Da venditore di giornali, attraverso il breve intermezzo di garzone di dentista, a venditore.... di grattacieli, mutatasi così eloquentemente la sua sorte, è rimasto però sempre immutato il cuore schietto, semplice, generoso, cuore di lavoratore, che sa, perché l’ha vissuta, come sia dura la lotta per l’esistenza, di Giuseppe Paterno. Il trattamento, che vien fatto agli operai dei suoi cantieri, lo dimostra nella maniera più mirabile. La paga minima giornaliera è di sette dollari (centocinquantacinque lire italiane). Sebbene la vita a New-Yorck costi quattro volte più che in qualsiasi città italiana, pure tutti i nostri operai hanno così un margine possibile di economie.

Lavoratore egli stesso, non lascia poi nessun mezzo intentato per la organizzazione e la valorizzazione dei nostri operai all’estero, prodiga danaro e consigli per la loro assistenza civile e morale, per i loro circoli, le loro leghe patriottiche ed economiche, le loro case di ricreazione e di ricovero, i loro ospedali.

E’ la solidarietà infrangibile della fratellanza e dell’origine comune.

Né ha mai dimenticato la sua Basilicata, il   suo nativo paese di Castelmezzano, verso il   quale ha sempre fatto e continuamente fa il   suo dovere di figlio, memore e benefico.

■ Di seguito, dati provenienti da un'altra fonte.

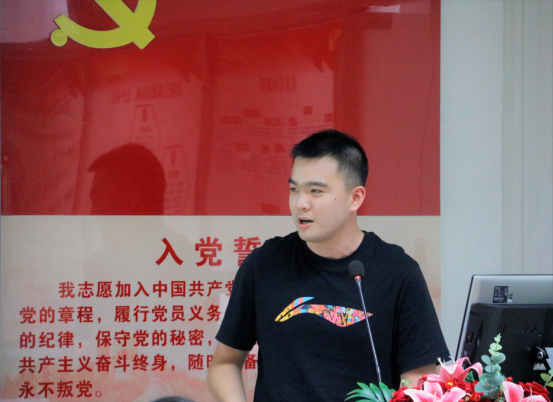 首先,由上半年新进积极分子武子睿等八位同志与大家分享了红色诗词、电影、著作和系列讲话等内容。同志们从“愿请长缨,不负青春为家国”中领悟到了共产党的初心和使命,从“六十万对八十万,是碗夹生饭也要把它吃下去”中感受到了领导人的胆识与魄力,从“七年知青岁月”中激起了民族复兴的青春热血。

Ogni appello della sua Terra riceve da lui generosa risposta, e dobbiamo qui segnalare come egli, insieme col cognato avv. Antonio Campagna, stia per far sorgere in Castelmezzano un grandioso edificio scolastico, e come abbia dichiarato di voler largamente concorrere nella spesa per dotare il proprio Comune della illuminazione elettrica. E non

accenniamo di proposito alla beneficenza privata, ai sussidi alle opere pie, a tutto quell’altro bene che Giuseppe Paterno elargisce, in silenzio, agli umili della sua terra.

È di ieri la elargizione munifica di cinquemila lire che egli ha fatto all’Orfanotrofio di Potenza.

 

All’apice della fortuna, egli è rimasto sempre un lavoratore instancabile e modesto.

Delle sue ricchezze, egli gode non per sé, ma per la sua famiglia, che adora.

« Ho avuto fortuna — egli suole dire — non nego. Ma i primi anni sono stati duri assai. Che lotte! che ansie tormentose! Ho provato tanti mestieri. Ho lavorato come un forzato, spesso per ventiquattro ore su ventiquattro. Non mi sono mai concessa una settimana di quiete. Qualche ora, beninteso. E lavoro senza interruzione, perché non saprei vivere in ozio, lontano dai miei cantieri, dai miei operai, dai miei ingegneri ».

A questo magnifico campione della razza lucana, esempio tipico della intelligenza, della volontà, della saggezza e della fierezza italiana, il nostro Governo ha conferito — onorificenza invero non adeguata ai meriti italianissimi di Giuseppe Paterno — la croce di cavaliere.

Ma il suo più grande compenso è certo la coscienza, ch’egli ha, di aver onorato il nome della Patria, nel mondo.

 

Non vogliamo chiudere queste note, senza rivelare qualche tratto simpatico del carattere sociale di Giuseppe Paterno.

Si è completamente americanizzato, pur conservando intatto il suo spirito italiano e il suo fondo lucano. Passa, con disinvoltura eccezionale, dalla blusa di operaio all’abito da passeggio, da questo al frack, dal cantiere al teatro, da una sala da ballo a un « restaurant » di lusso. Guida magnificamente la sua auto­mobile. E a bordo della sua macchina, impassibile, egli, nelle ore di svago, ama spesso girare da un capo all’altro di New-Yorck, per la gioia di rivedere, uno dopo l’altro, tutti i grattacieli, che la sua operosa intelligenza ha elevato, qua e là, nella immensa cosmopoli.